*Task to carry out*:
Reproduce from the records below, with no pictures, exactly the lines between the one containing "法兰克则可以通过其强大的骑兵" and the one containing "Картина маслом на", inclusive.

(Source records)
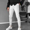 Lastik bel ve bağcıklı, 2 adet yan cep arka cep bulunmamaktadır, bacak üzeri çima (şerit) bulunmaktadır, fermuar paça detaylıdır, paraşüt kumaş ve likralı esnek bir yapısı vardır, slim fit bir model olup vücudu sarmaktadır.
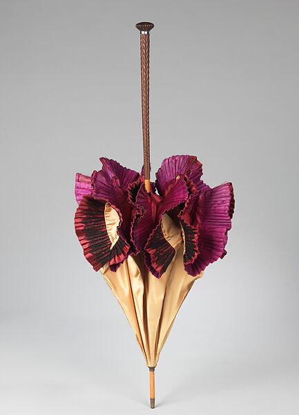 The parasol featured here captures the essence of the 1890s with its gay color combination and exuberant lace-covered ruffle at the hem. The detailing of the handle is very engaging. Also, the color combination of the garnet ruffle and the purple lining is indicative of the period and a typical French touch.
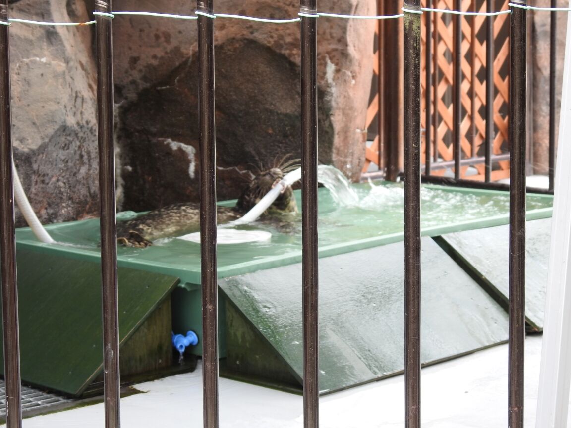 「2023年4月8日にゼニガタアザラシの子供が生まれました」の張り紙。見ればホースを咥えて元気に遊んでいる子供。元気に育って欲しいものです。
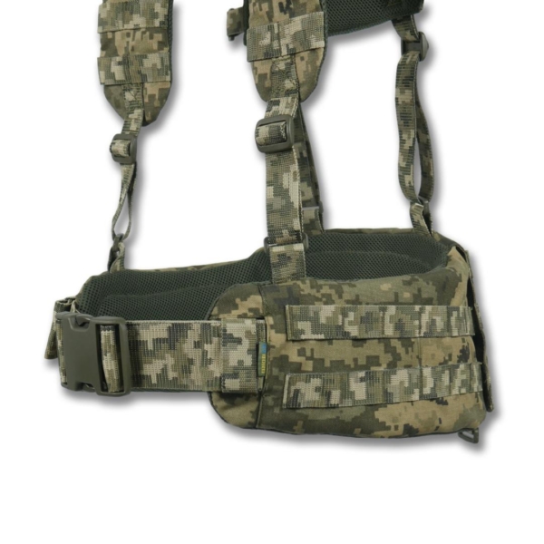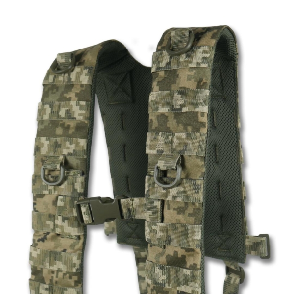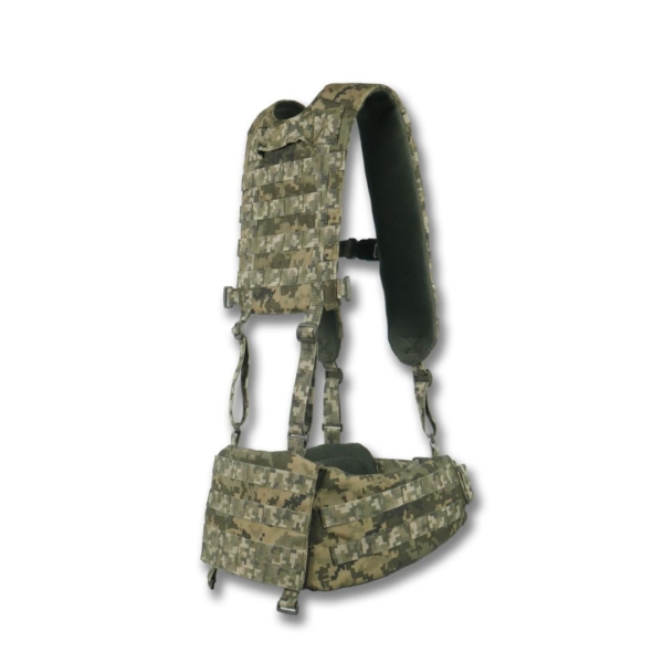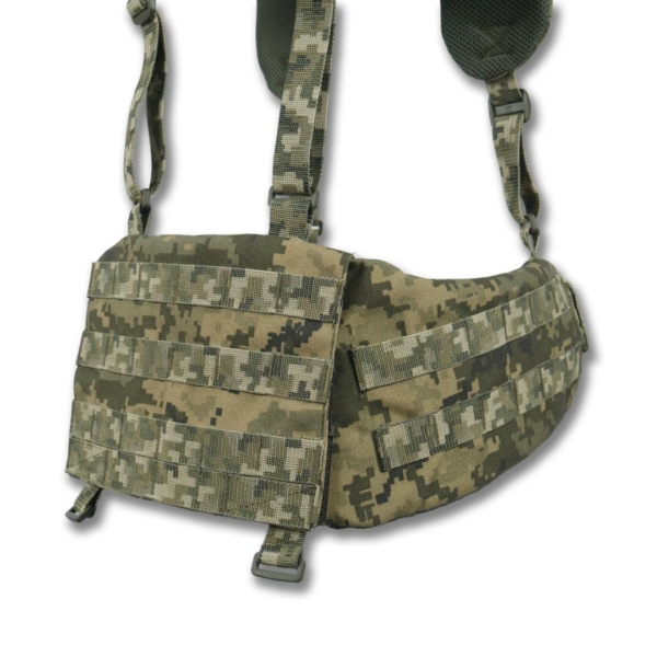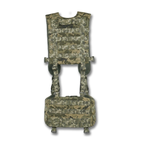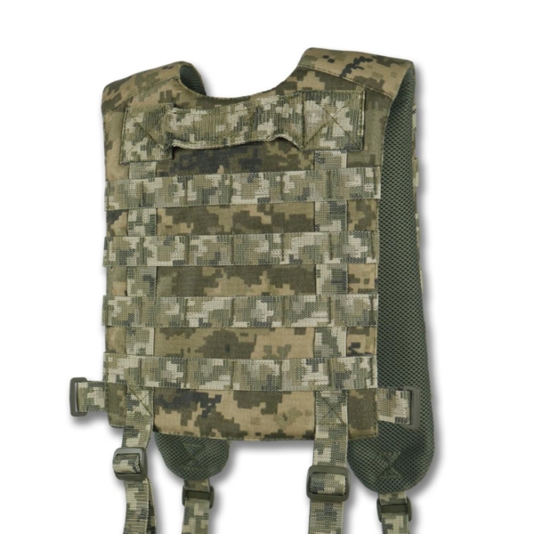 - конструкція рюкзачного типу з MOLLE-комірками (7 рядів спереду, 4 ряди на спині);
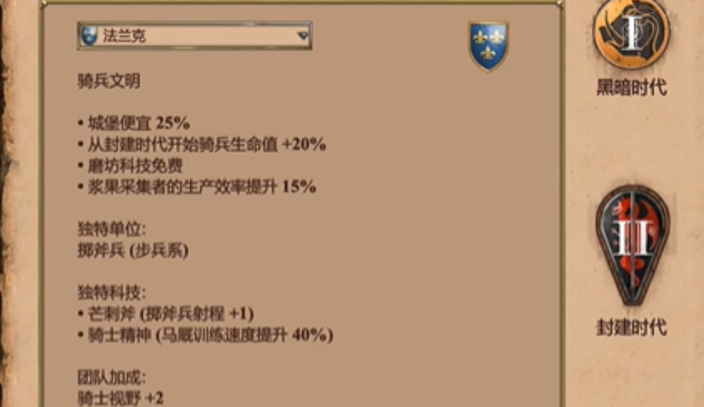 法兰克则可以通过其强大的骑兵体系来对抗波斯。圣殿骑士(游侠)作为顶级重装骑兵,拥有可观的战斗力,可以作为正面抗衡的力量之一。法兰克也可以生产掷矛兵来应对波斯可能搭配的弓箭手单位,而轻骑兵或圣殿骑士还能在混战中快速侧翼切入,攻击波斯阵型中脆弱的远程支援单位,如弩炮或火枪手,从而瓦解其攻防体系。
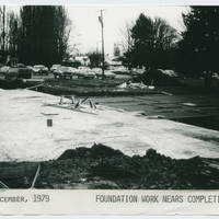 Picture of the foundation nearing completion during the Murdock Hall construction in December 1979 at Pacific University.
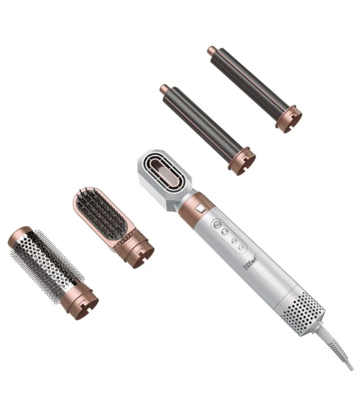 5 accessoires interchangeables : concentrateur, brosse ronde, brosse plate à picots, 2 fers à boucler
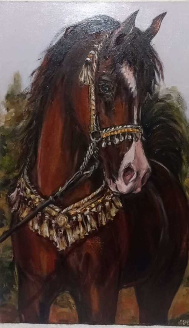 Картина маслом на холсте " Портрет лошади, Жемчужина востока ".
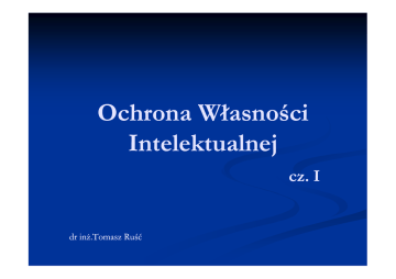 Ochrona Własności Intelektualnej cz. I dr inŜ.Tomasz Ruść Ruść Spis treści Sprawy organizacyjne Historia OWI Przedmiot ochrony prawa autorskiego Prawo autorskie Przeniesienie Praw Autorskich Podsumowanie 2 Sprawy organizacyjne Wykłady 15 godz. Literatura: „Poradnik wynalazcy” – Redakacja Andrzej PyrŜa, Wyd: Urząd Patentowy RP 2008 Broszury: „Znaki towarowe”, „Wzory przemysłowe”, „Wynalazki” – Urząd Patentowy, World Intellectual Property Organization „Ochrona własności intelektualnej w pigułce” – Tomasz Cygan, Regionalna Izba Gospodarcza w Katowicach, Katowice 2010. Zaliczenie: Przedmiot (wykład) zaliczenie z oceną. Przed komputerem program TryPass v1.0 zadający pytania z bazy pytań. Część pytań dostępna tylko po wykładzie na którym była omawiana tematyka. Wykłady nieobowiązkowe ale będą listy obecności. Za 80% frekwencje 20% na egzaminie. 3 Sprawy organizacyjne W1 – Prawo autorskie W2 – Wzory Przemysłowe W3 – Znaki Towarowe W4 – Patenty W5 – Zasady sporządzania dokumentacji zgłoszeń wynalazków i wzorów uŜytkowych w trybie krajowym W6 – Ochrona wynalazków w trybie międzynarodowym i europejskim 4 Prawo Własności Intelektualnej - Prawo Do Firmy - Prawo Do Bazy Danych - Prawo Do KNOW-HOW - Prawo Własności Przemysłowej - Dobra Osobiste - Prawa Autorskie i Prawa Pokrewne 5 Historia OWI Prawo autorskie: Irlandia – pierwszy udokumentowany spór o prawa autorskie (kopia Psałterza) pomiędzy św. Kolumbą a św. Finianem około 560 r. Wyrok: Niech do kaŜdej krowy naleŜy jej cielę, a do kaŜdej ksiąŜki jej córka ksiąŜka. 1223 r. – Statuty Uniwersytetu Paryskiego – zezwolenie Ŝeby kopiowanie tekstów dla dla wewnętrznego uŜytku uniwersyteckiego XV w. przywileje weneckie – wymóg zgody autora na publikacje dzieła 1518r. – pierwszy przywilej drukarski, wydany Anglii przez Ryszarda III na rzecz królewskiego drukarza Richarda Pynsona 1529r. Henryk VIII ustanawia system przywilejów drukarskich dzierŜawionych przez Stationer’s Company (Londyńskie Zrzeszenie Sprzedawców Papieru) 6 Historia OWI XVII w. Anglia unormowania prawne chroniące prawa do publikowania drukiem tekstów, dzieł: „nikomu nie wolno drukować bez uzyskania przywileju zarejestrowania dzieła w Stationers’ Company i zgody właściciela praw” - 1709 – Statut Królowej Anny - został przyjęty przez Parlament Angielski w 1710r. – pierwsza na świecie ustawa o prawie autorskim x okres ochronny: 14 lat (dla wszystkich utworów wydanych przed 1710 r. – 21 lat) x moŜliwość jednorazowego przedłuŜenia ochrony (gdyby autor Ŝył) o dodatkowe 14 lat 7 Historia OWI OWI w Polsce: - 1926r. ustawa F. Zolla – pierwsza polska ustawa autorska bazująca na rozwiązaniach Europejskich (Niemcy, Francja) - 1952r. Ustawa określała sztywne zasady obrotu utworami i regulowane stawki wynagrodzeń autorskich ustalane przez państwo w formie uchwał Rady Ministrów 04.02.1994 ustawa Prawo Autorskie i Prawa Pokrewne 8 Historia OWI Patent – z łaciny „litterae patentes” oznacza „list otwary” – dokumenty urzędowe potwierdzające nadanie podmiotom w nich wymienionym określonych praw i przywilejów albo tytułów 1315r. najstarszy przywilej o charakterze patentowym dla urządzenia technicznego, nadany przez króla czeskiego Jana Luksemburczyka dla konstruktora pompy odwadniającej do kopalń 1409r. ustawa wenecka – pierwszy akt prawny na świecie który nadawał prawa dla twórców nowych rozwiązań. Czyli od wynalazku wymagało się nowości lokalnej, ujawnienia i rzeczywistego zastosowania, a monopol patentowy był ograniczony w czasie. 1449r. pierwszy przywilej patentowy (technologia wyrobu kolorowego szkła) udzielony na 20 lat na rzecz Johna z Utynam 1623r. Angielska ustawa o monopolach, która znosiła monopole z wyjątkiem patenów na wynalazki. Dla uzyskania patentu na wynalazek trzeba było go stosować oraz nauczenia innych prowadzenia produkcji objętej patentem 9 Historia OWI 1762r. edykt Ludwika XVI określał zasady udzielania przywilejów patentowych na wynalazki: wyłączność na 15 lat, konieczność udowodnienia przydatności wynalazku oraz jego rzeczywiste stosowanie 1789r. zagwarantowanie własności intelektualnej w Konstytucji USA Kongres posiada kompetencję ustawodawczą do popierania postępu nauki i sztuk uŜytecznych, poprzez zapewnienie przez ograniczony czas autorom i wynalazcom wyłącznych praw do ich utworów piśmienniczych i odkryć. Patenty w Polsce Od połowy XVI w. przywileje na rozwiązania techniczne udzielane na czas określony (wcześniej wieczyście) np. Zygmunt III Waza w 1611 r. dla Jana Bandefet de Castroforti na młyn popychowy. 1817r. Prawo o patentach swobody oraz o listach przyznania podpisane przez namiestnika królewskiego Józefa Zajączka oraz ks. Stanisława Staszica Patent swobodyswobody- udzielane na fabryki, rękodzielnie lub inne poŜyteczne zakłady nie zaprowadzone jeszcze w kraju, pierwszym którzy się do ich załoŜenia zgłoszą. Patenty te płatnie udzielane na 3,6 lub 9 lat zapewniały ich beneficjentom, Ŝe nikt inny na danym terenie takiego zakładu nie będzie prowadził. 10 Historia OWI 13.12.1918 r. Dekret Tymczsowy o Urzędzie Patentowym wydany przez Naczelnika Józefa Piłsudskiego Art. 1 Przy Ministerstwie Przemysłu i Handlu istnieje Urząd Patentowy z siedzibą w Warszawie, do którego kompetencji naleŜy udzielanie patentów na wynalazki oraz wydawanie świadectw ochronnych na znaki towarowe. 1919 r. dekrety Naczelnika Państwa o patentach na wynalazki, o ochronie wzorów rysunkowych i modeli oraz ochronie znaków towarowych 1924 r. Ustawa o ochronie wynalazków, wzorów i znaków towarowych 1928 r. rozporządzenie Prezydenta Rzeczpospolitej o ochronie wynalazków, wzorów i znaków towarowych 1962 r. ustawa Prawo wynalazcze 1972 r. ustawa o wynalazczości 30.06.2000 r. Ustawa Prawo własności przemysłowej 11 Przedmiot ochrony prawa autorski

*Solved exercise*:
 法兰克则可以通过其强大的骑兵体系来对抗波斯。圣殿骑士(游侠)作为顶级重装骑兵,拥有可观的战斗力,可以作为正面抗衡的力量之一。法兰克也可以生产掷矛兵来应对波斯可能搭配的弓箭手单位,而轻骑兵或圣殿骑士还能在混战中快速侧翼切入,攻击波斯阵型中脆弱的远程支援单位,如弩炮或火枪手,从而瓦解其攻防体系。
 Picture of the foundation nearing completion during the Murdock Hall construction in December 1979 at Pacific University.
 5 accessoires interchangeables : concentrateur, brosse ronde, brosse plate à picots, 2 fers à boucler
 Картина маслом на холсте " Портрет лошади, Жемчужина востока ".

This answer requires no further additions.